= The task =
Leave out the pictures, and write out exactly the lines from the beginning of the material to the line holding "商品名称:中鲁金枪鱼金枪鱼礼盒1298型 2145g 深海金枪鱼", that line included, and nothing else.

= Given data =
::::::

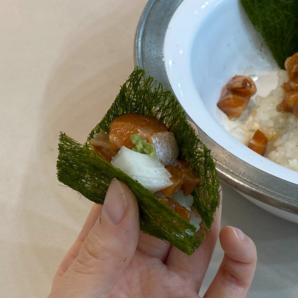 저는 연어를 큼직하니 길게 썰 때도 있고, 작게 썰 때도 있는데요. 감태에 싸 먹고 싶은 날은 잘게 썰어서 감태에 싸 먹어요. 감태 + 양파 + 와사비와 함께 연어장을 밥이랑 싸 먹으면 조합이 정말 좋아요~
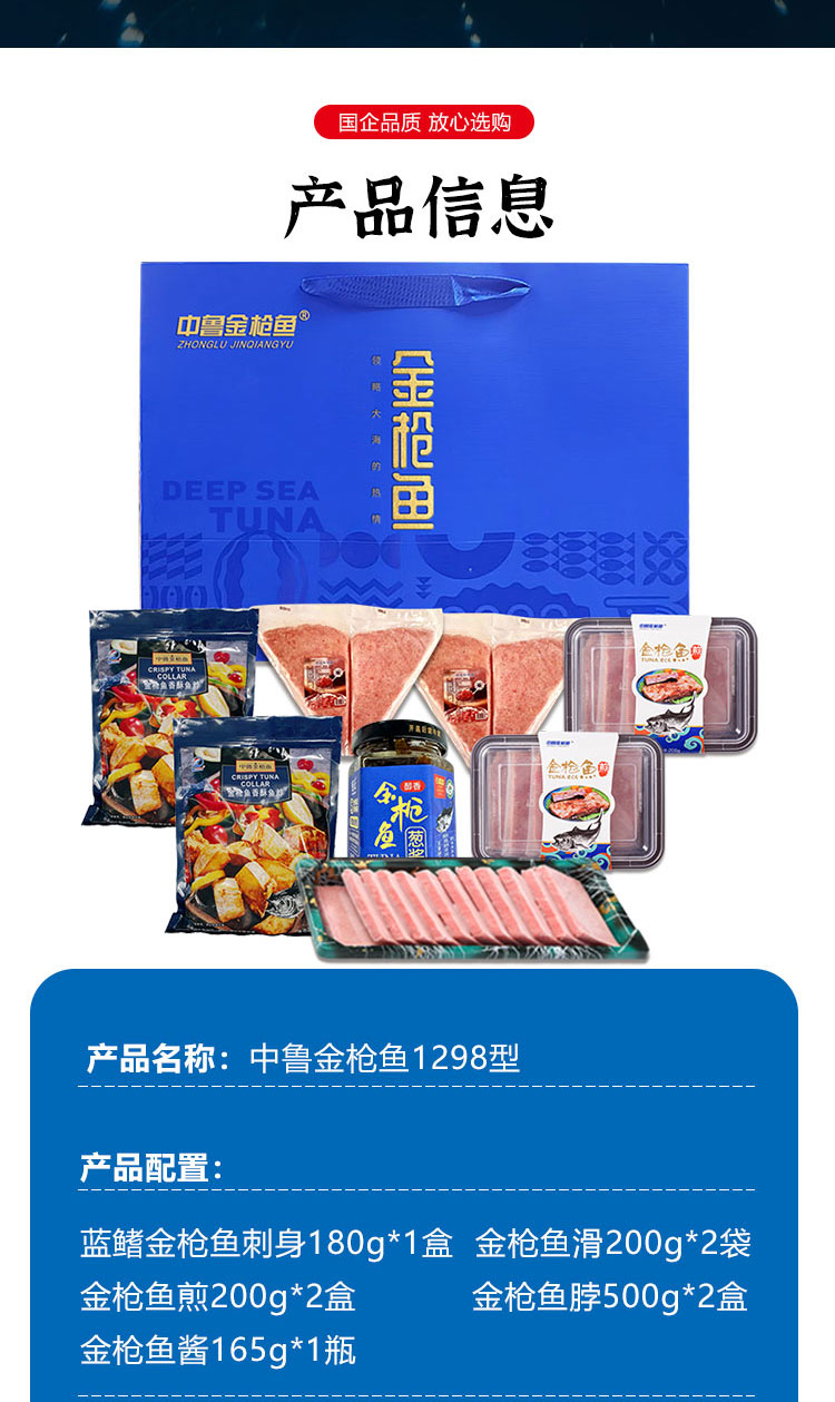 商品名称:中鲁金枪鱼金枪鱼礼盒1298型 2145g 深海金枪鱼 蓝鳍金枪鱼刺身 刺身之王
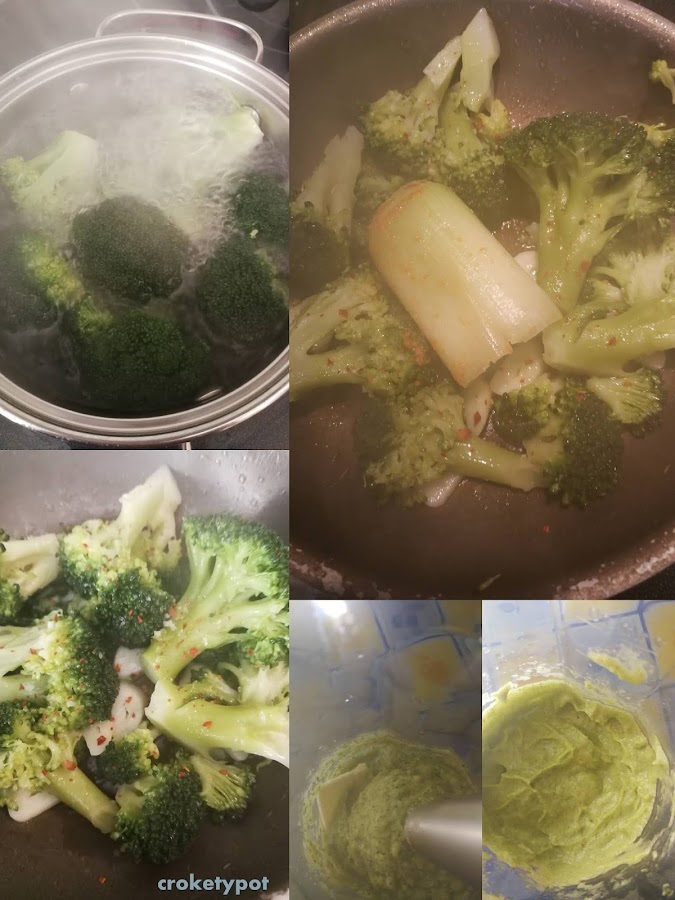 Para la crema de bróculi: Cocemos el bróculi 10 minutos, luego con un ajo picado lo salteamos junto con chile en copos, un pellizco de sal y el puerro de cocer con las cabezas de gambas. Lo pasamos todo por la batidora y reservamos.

::::::

= Answer area =
 저는 연어를 큼직하니 길게 썰 때도 있고, 작게 썰 때도 있는데요. 감태에 싸 먹고 싶은 날은 잘게 썰어서 감태에 싸 먹어요. 감태 + 양파 + 와사비와 함께 연어장을 밥이랑 싸 먹으면 조합이 정말 좋아요~
 商品名称:中鲁金枪鱼金枪鱼礼盒1298型 2145g 深海金枪鱼 蓝鳍金枪鱼刺身 刺身之王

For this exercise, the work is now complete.